By following these principles, you will create a high-quality business and practice niche that will survive the test of time and allow you to meet your personal, professional, and financial goals.

1. Become the “expert” in your community. Referring practitioners do not respect the degree nor the school you attended, but they respect the knowledge you have in the service of caring for their patients.

2. Identify mentors, including specialists, in your community with whom to consult. No one ever achieved anything great alone. There are physicians, therapists, and audiologists from whom you can gain invaluable wisdom on medical and psychiatric conditions, rehabilitation strategies, and patient management. Open yourself to these sources of new knowledge.

3. “Step away from the ear,” develop interdisciplinary interests and resources. Balance conditions may not be ear-related, and often are not. Consider all the physical and psychological manifestations of your patients’ conditions. Take nothing for granted.

4. Be a lifelong learner…read, read, read, then share your knowledge. New information is published every month in professional journals of various specialties. Do not assume that the only important articles or breakthroughs will be in ENT or audiology publications.

5. Recognize that human equilibrium is a “birth to earth” clinical science, providing your practice limitless opportunity. The human vestibular mechanism is fully developed en utero at 49 days of gestation. More than 500 known syndromes and mitochondrial disorders affect vestibular function. Consider that infants and children with or without hearing loss may present with balance dysfunction based on delayed maturational motor milestones. The aging process affects all aspects of the equilibrium, so remember that we walk on our legs, not our ears. Also consider the status of your patient's visual, neurological, biomechanical, and neuromuscular systems.

6. Create and promote an interdisciplinary continuum of care to serve all patients, pediatric to geriatric. Considering that the majority of patients other than those with BPPV, vestibular neuritis, or Meniere's will likely have non-otologic conditions, you will need collaborative relationships with specialists and physical and occupational therapists who will be essential to your patients’ progress through a continuum of care. These practitioners will also become sources of knowledge and great assistance in your own growth as a balance expert.

7. Build real and meaningful relationships with referral sources that are value based; become a colleague! To have a friend, you must be a friend. Your availability, accessibility, and willingness to go that extra mile for referring practitioners and their patients will pay dividends for years. Avoid being perceived as a “transactional” fellow professional. As we often say, “No one cares how much you know, until they know how much you care.”

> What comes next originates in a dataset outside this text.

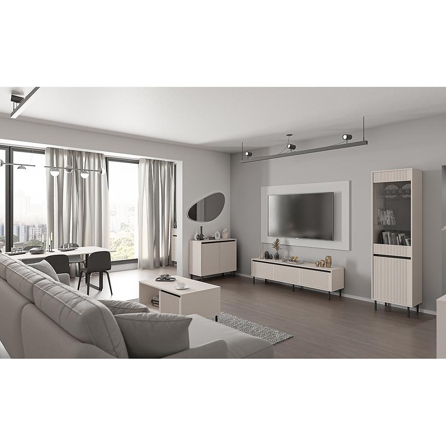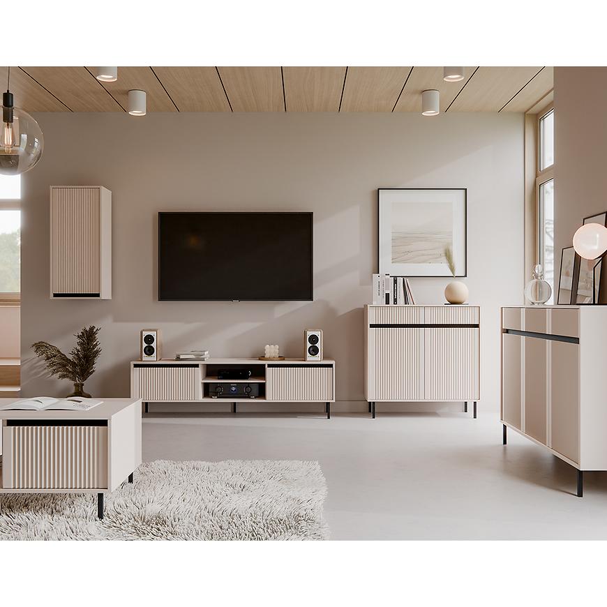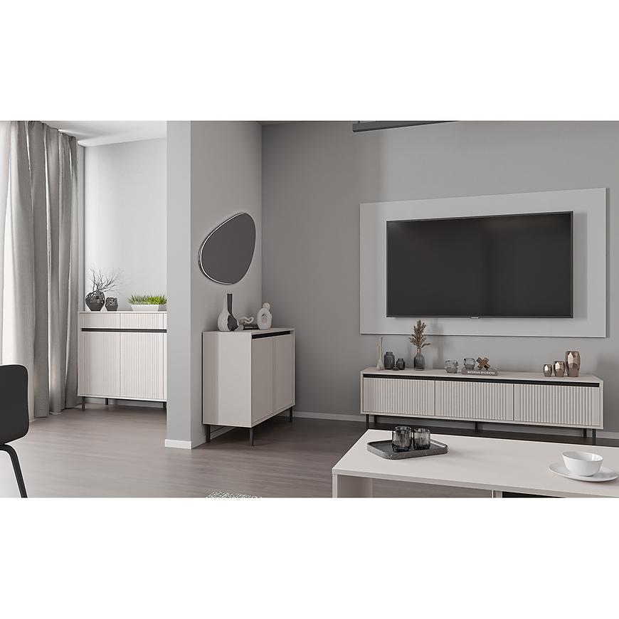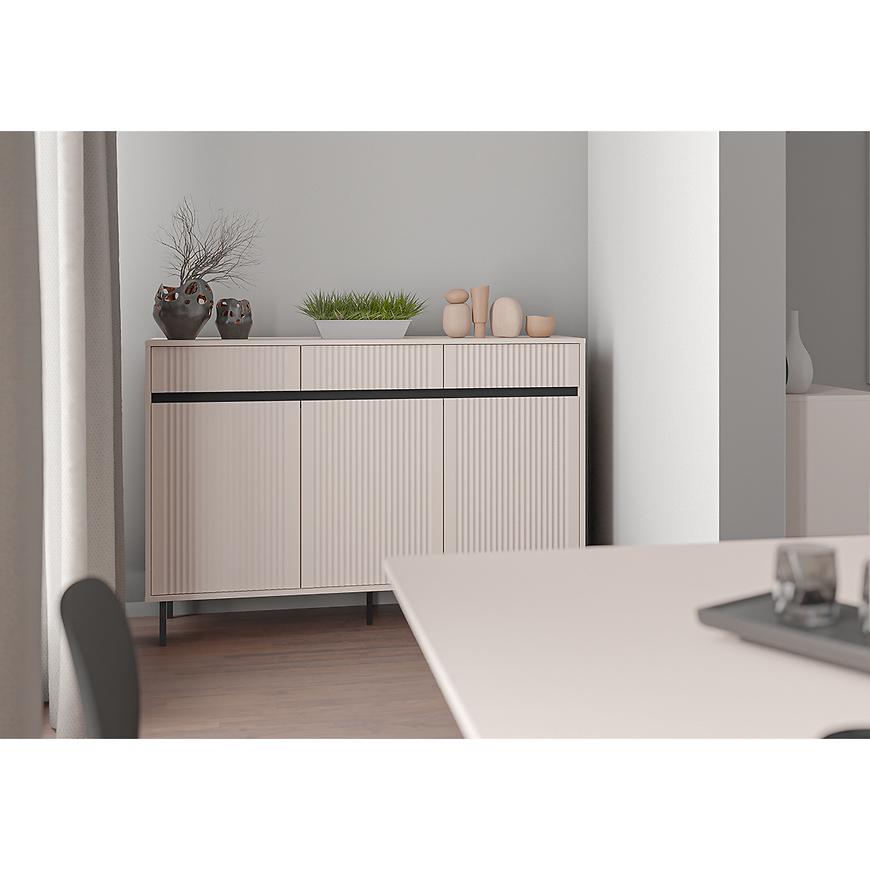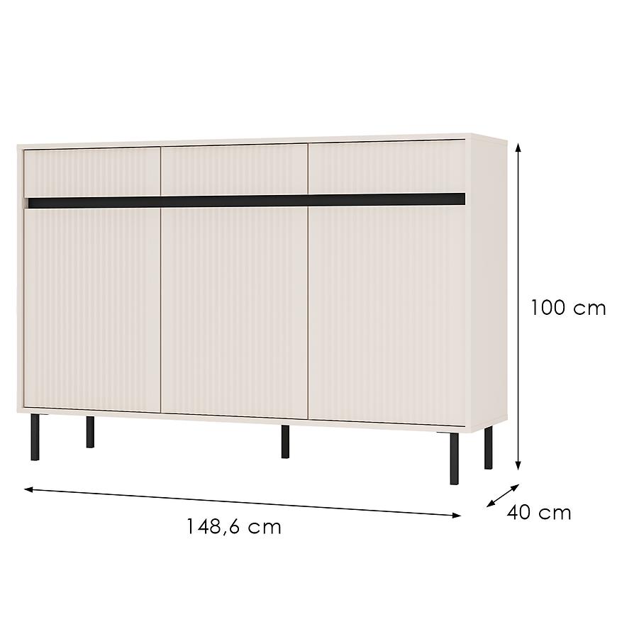 Komoda jest trzydrzwiowa i wyposażona w trzy praktyczne szuflady, które zapewniają dużo miejsca do przechowywania. Fronty wykonane z wysokiej jakości płyty MDF wyróżniają się trwałością oraz eleganckim, matowym wykończeniem, które nadaje całości subtelnego charakteru. Powierzchnia w matowej teksturze łatwo wkomponowuje się w otoczenie, nie odciągając nadmiernie uwagi od innych elementów dekoracyjnych, a jednocześnie podkreśla nowoczesny styl pomieszczenia.

The changing landscape for audiologists and otolaryngologists, as well as the growing patient population and the need for well-trained practitioners in the balance sciences, suggests there's no better time than now to consider including balance services into your practice. These principles will help you realize your goals, and provide your patients with solutions to conditions like dizziness, vertigo, and imbalance so they will no longer will be told to “just learn to live with it.”

Opportunities in the evaluation and management of balance disorders will be very strong for many years to come. With robust planning and execution of a good business plan, audiology and otolaryngology professionals who seek to fulfill this need will have great success. Ultimately, in the world of rehabilitation medicine, success is not driven by hope but by knowledge and strategy.